Interview on June 4, 2015, at the time of the tour, with EMP4 confirmed the wrong signage was on the door for MR2. EMP4 confirmed the policy for "Care of a Patient with a Clostridium Difficile infection" was not followed.
Interview with EMP5 on June 4, 2015, at the time of the tour confirmed the isolation procedures were not followed. EMP5 stated the staff was often uncomfortable approaching medical staff that did not follow protocol.
Review of MR2 confirmed the patient had a C-difficile infection. There was no documentation of education provided to the family regarding the isolation precautions and the use of personal protective equipment.
Review of the credential file for OTH2 (CF1) revealed no documentation of education regarding isolation precautions, including garbing and appropriate hand hygiene.

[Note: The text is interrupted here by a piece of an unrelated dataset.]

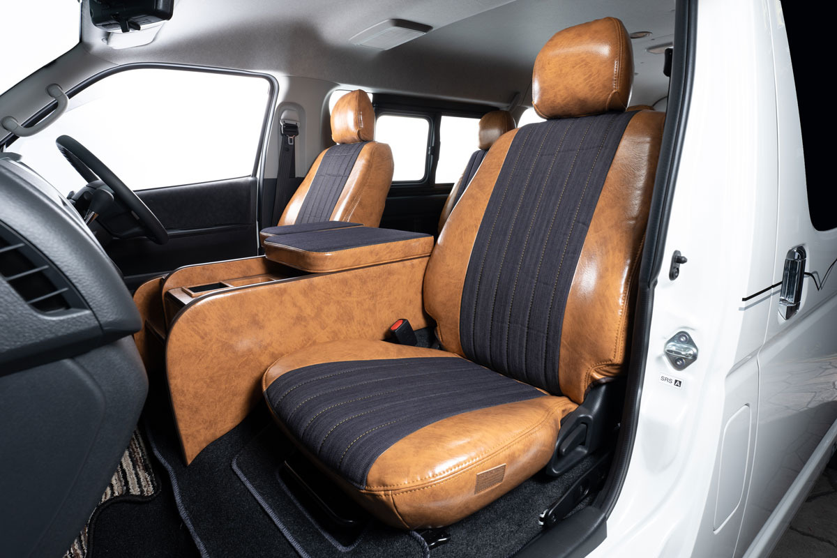 200系ハイエースバンに装着したキャメルカラー。インディゴブルーとの組み合わせがバランスよくまとまったデザイン。

2) Observation tour of the Intensive Care Unit on June 4, 2015, at approximately 9:35 AM revealed a room being cleaned by EMP6. EMP6 was wearing the Personal Protective Equipment (PPE) gown backwards while cleaning the room. EMP6 did not perform hand hygiene immediately following removal of the gown.
Interview on June 4, 2015, at 9:40 AM with EMP6 confirmed they were unaware the PPE gown was on backwards. When asked to provide their knowledge of the policy regarding cleaning an isolation room, EMP6 omitted the portion of the policy regarding hand hygiene.
3) Review on June 4, 2015, of the facility policy "Hand Hygiene/Artificial Nail Policy - CDC Guidelines," last reviewed January 22, 2015, revealed "I. Introduction: Hand hygiene is considered the single most important procedure for preventing healthcare associated infections. Bacteria are easily spread in the hospital environment from patient to patient via the hands of healthcare workers. Any contact with the patient or the patient's environment could result in the transfer of microorganisms to the hands. Following Standard Precautions, avoiding contamination of the hands and performing appropriate hand hygiene is essential in helping to prevent the spread of microorganisms. When hand hygiene is necessary, Regional Hospital of Scranton personnel will follow hand hygiene practices in accordance with current CDC or WHO guidelines. ... B. Indications for hand hygiene: ... 4. After touching wounds or any body surface likely to be contaminated with blood, body fluids or microorganisms. ... 7. After removing gloves. ..."
Observation tour of the Intensive Care Unit on June 4, 2015, at approximately 11:45 AM revealed EMP7 withdrawing blood from the patient's central line for a blood glucose monitoring specimen. EMP7 removed their gloves and attended to the Intravenous (IV) pump. EMP7 did not perform hand hygiene after removing their gloves.
Interview on June 4, 2015, at 11:45 AM with EMP7 confirmed they are supposed to perform hand hygiene when gloves are removed and before going on to perform another task.